January 26th, 2023
I was drama club president.
This probably comes as no surprise to you.
I have but a few more essays for Origins month, and there’s no way I can talk about where I came from without mentioning the theater.
For most of my school career, I was a little lost in the woods. I had participated in various groups and sports (shut up, there’s photos, it happened), but I didn’t really fit into any of those organizational shapes; in fact, I was generally the wrong shape for most doorframes I encountered. I didn’t have a flight plan; I was less Peter Pan, more lost boy.
Halfway through my sophomore year, my teacher/director Paul Johnson told me that I, based on my various traits, most of them disruptive, should try out for the children’s play, a show put on for all the elementary kids in the area.
I auditioned, and I got my first big role: Bob, the Tickle Monster. The subsequent rehearsals and production started a years-long affair with the stage, which was the single most important part of my high school experience.

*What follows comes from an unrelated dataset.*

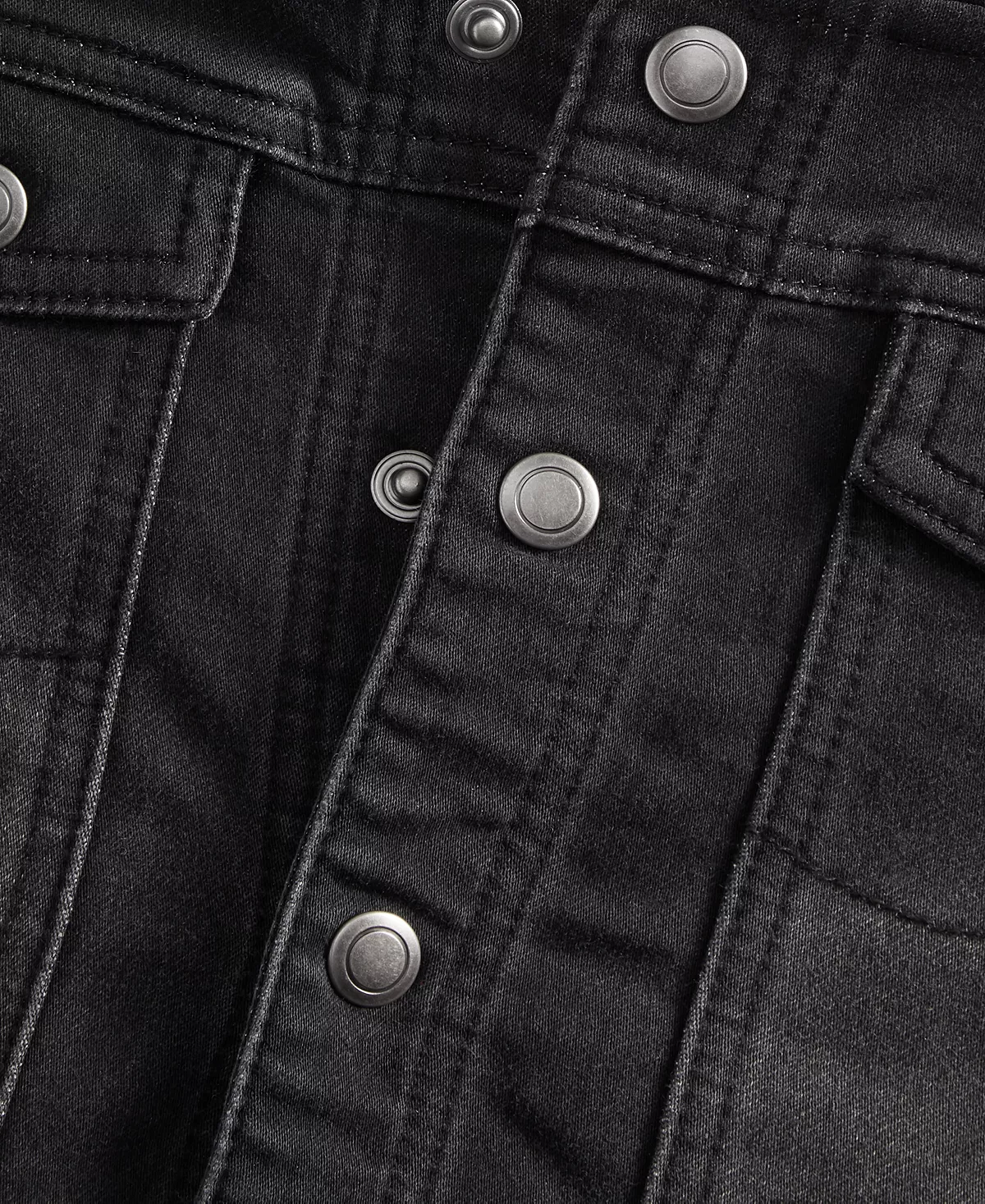 Styled with a soft denim body finished with a cozy knit hood and sleeves, this jacket from First Impressions keeps his look stylish and warm for cooler weather.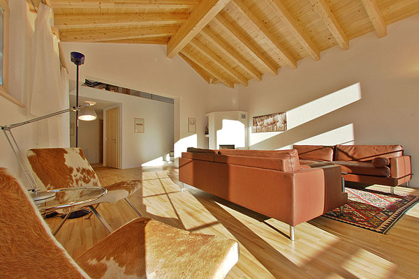 Шестикомнатные апартаменты Haus Cransзанимают второй и чердачный этажи шале. Дизайн современный, в теплых тонах, с элементами модерна, много свободного пространства.

I gained confidence, I found friends, I made enemies, I created rivals, I learned how to do things I had always wanted to do. I acted and directed and put things (poorly) together; I sang and I danced and I wrote and I wrote and I wrote. I was introduced to art and culture: pop, high- and low-brow. I entertained people, an addiction I have never fully kicked.
More than anything else, though, I didn’t feel so lost.
This particular image is from the year we brought the Variety Show back, with myself and Brandon Pofahl as hosts.
This is the outfit I wore to school which caused so much controversy; the one that got me called to the principal’s office, and it was pointed out to me that “my tallywacker was sticking out.”
Because of this diaper and wings, I was radicalized; I saw the value in shock and making people talk. It was a revelation. This bled into who I was for the rest of high school, into my twenties, and there is still some of it left in me today. It’s in my work and my words and, while I have tried to liberally apply the balm of kindness to what I do, it’s an undeniable, uncomfortable truth of me:
I need attention, all of it, and I will go to dramatic lengths to get it.
I participated in every show I could until I moved out. I taught and directed theatre for children, writing my own plays, over several summers. And, yes, I became drama club president during my senior year.
Towards the end of high school, my interests shifted to music, where there was less Shakespeare, but more of that individual validation I so desperately craved. (I’ll be covering The Next Step in the month of May.)
But I owe theater a lot. It was a place I felt safe, where I could explore and discover parts of myself. I met the best people in that black box, and they made me feel far less alone. It was a formative community.
And with that community, I became more than a lost boy.